RIDER PUTS SPOT ON PARALYMPICS TEAM AT TOP OF LIST FOR 2004
Equestrian's Dream Lights Way on Field
by Dolores Tropiano
Every day, Sam Madden and her horse Sugarplum Vision feel their way around the stable, training for the 2004 Olympics.
Her horse's name comes from the Christmas poem A Visit From St. Nicholas. But to Madden, Sugarplum stands for the diabetes that destroyed both her pancreas and kidney. And Vision stands for her blindness and dream of competing on the International Paralympic Dressage Team.
"Being blind, I feel a responsibility to show everyone that I am not disabled, I just can't see." the 40-year-old Phoenix equestrian said. "I want everyone to see that you can strive for your best. No matter what comes along, you can adapt."
But Madden, a medical transcriptionist, needs more than just training. She needs a $4,000 machine that will help orient her in the arena.
Today a benefit will be held at Dynamite Dressage, a farm in Scottsdale owned by former Phoenix Coyotes star Jeremy Roenick and his wife Tracy. Top riders, including Madden and Olympic Gold Medalist Paula Paglia, will demonstrate dressage, an elegant form of riding that involves performing precise movements at specific places marked with letters.
Normally, dressage riders stop at the letter around the arena and perform. The machine called Alphabet-Eyes will verbally alert Madden to her position. Now, her trainer calls out her location.
Madden grew up riding horses in Connecticut. At 13, she purchased her first horse with babysitting money. AT 17, she contracted diabetes and, despite numerous surgeries, was blind at 29. She underwent a kidney transplant when she was 33 but jumped back on a horse a year later at Camelot Therapeutic Horsemanship in Scottsdale, performing difficult jumps and maneuvers.
One day her instructor asked her to perform a flying dismount for a new partially sighted student.

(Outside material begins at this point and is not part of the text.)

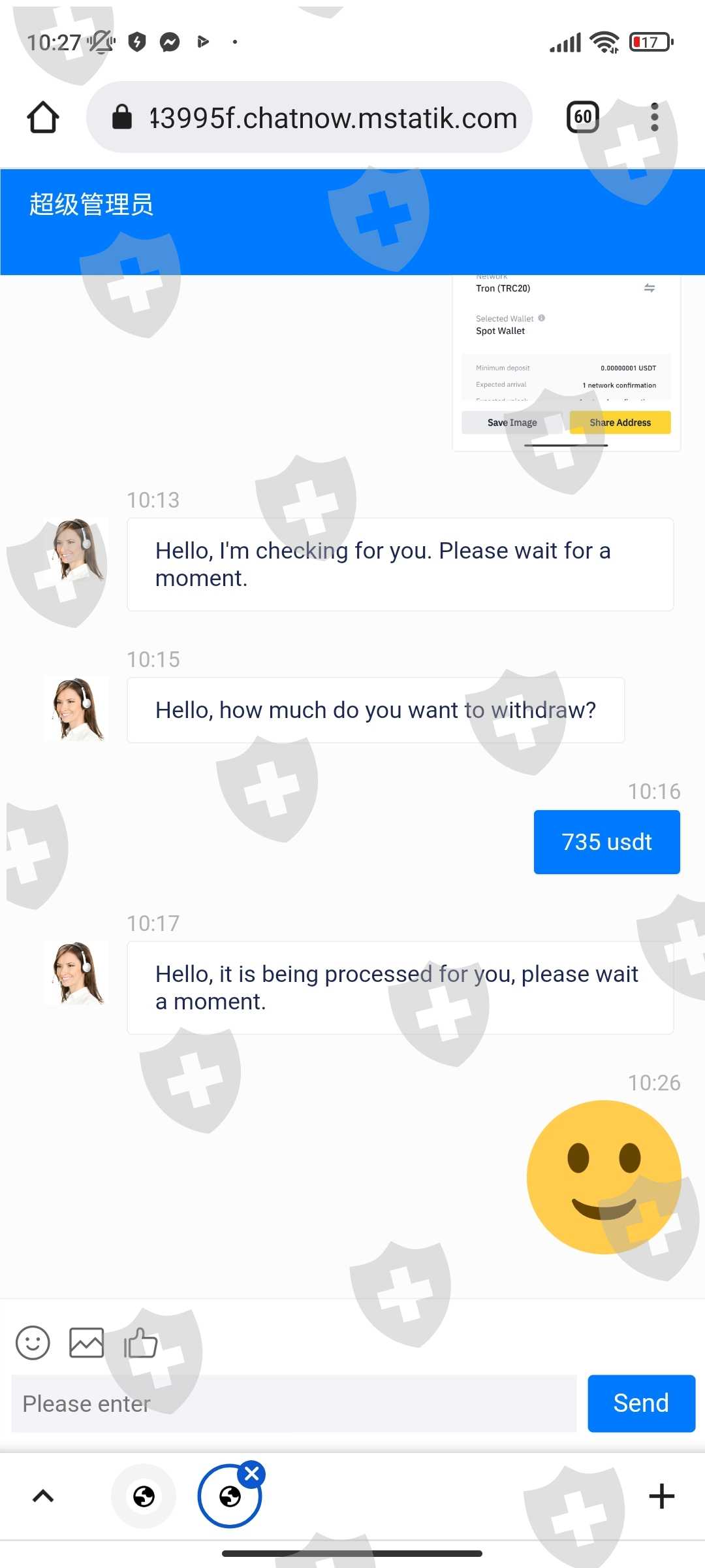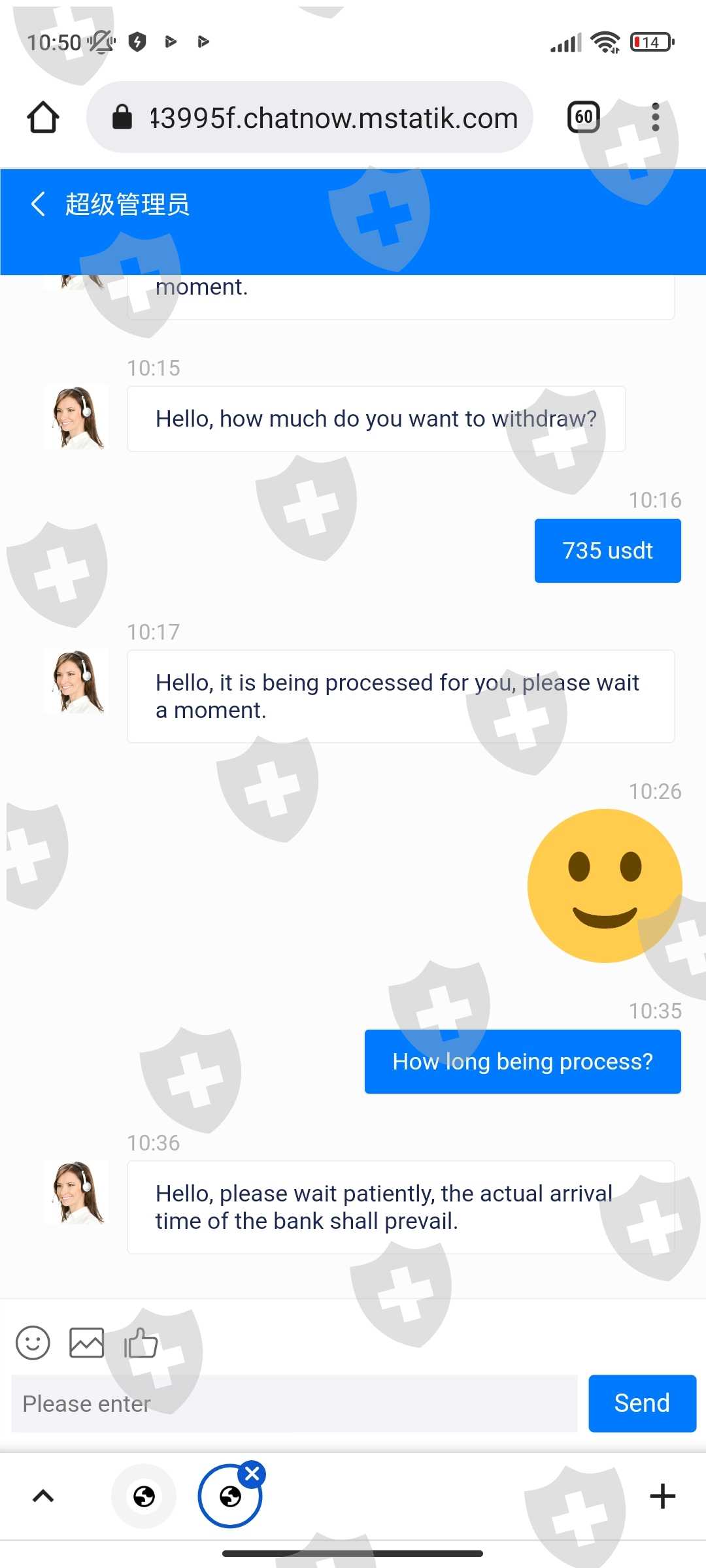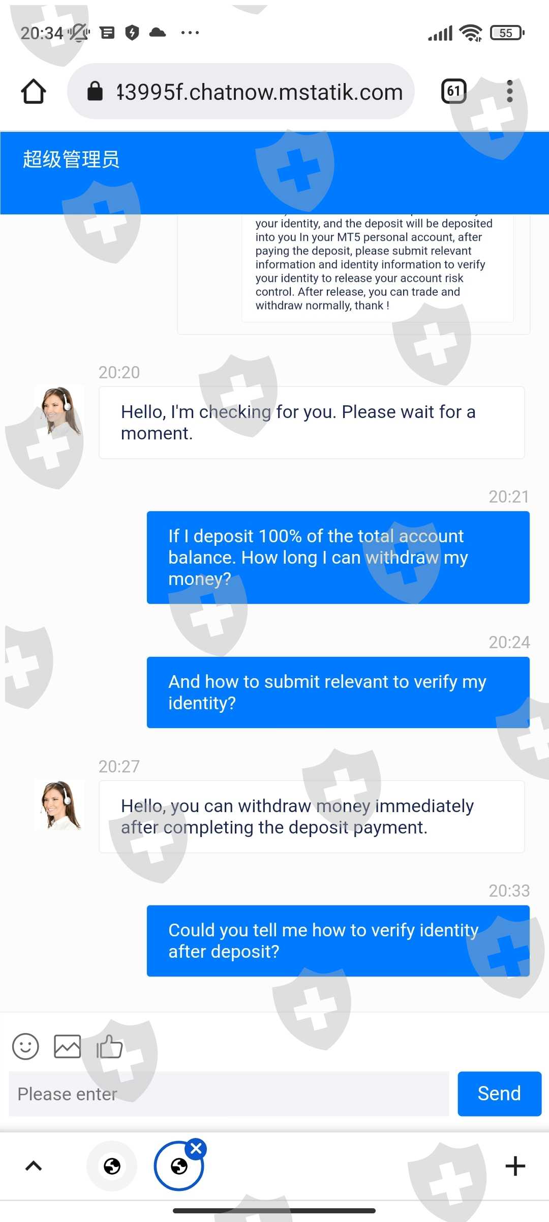 ทำการขอถอนเงินแต่ customer service แจ้งว่าบัญชีเข้าข่ายการฟอกเงินและให้ทำการโอนเงินเข้าไป100%เท่ากับเงินของเราถึงจะถอนเงินออกมาได้ หากไม่โอนเงินภายใน24ชั่วโมงจะต้องมีค่าปรับวันละ3% ได้สอบถามเข้าไปว่ามีหลักฐานการฟอกเงินของเราอย่างไรแต่ระบบได้ทำการลบบัญชีของเราออกไปเรียบร้อยแล้ว ติดต่ออีเมล์เข้าไปไม่มีการตอบรับกลับมาเลย

"Not in a million years would any instructor expect a normal person to do that," said Madden, who successfully completed the dismount. "but I couldn't say no. I wanted to be a role model to this partially sighted girl. It opened up the world to me."
That was the beginning of many competitions in which Madden garnered countless awards. After a pancreas transplant in February, her diabetes came to an end. but so did her risky riding, on her doctor's advice. She cajoled him into letting her compete in dressage which didn't require jumps.
Still, competition can be dangerous. Her horse is large, and Madden negotiates everything from mounting to dismounting alone.
To qualify for the Paralympic Dressage Team, Madden must take seven tests, scoring above 55% in each one. Once on the team, she will compete with other riders who may also be blind or physically disabled. Madden is working on her 20 meter circles, or at least what she thinks are 20 meter circles. She learns to feel what is 20 meters, preferring not to count out the steps because she said, "One misstep could throw off the whole move."
"It's tricky because she has to have the horse in tune with her and also know where she is in the arena," trainer Eileen Earnhart said.
Despite what could be a dangerous, if not daunting task, it does not seem to blur Madden's vision for the Paralympics.
"I don't feel any different from anyone else who rides," she said, "not at all. It's just second nature, and not being able to see is just an added challenge."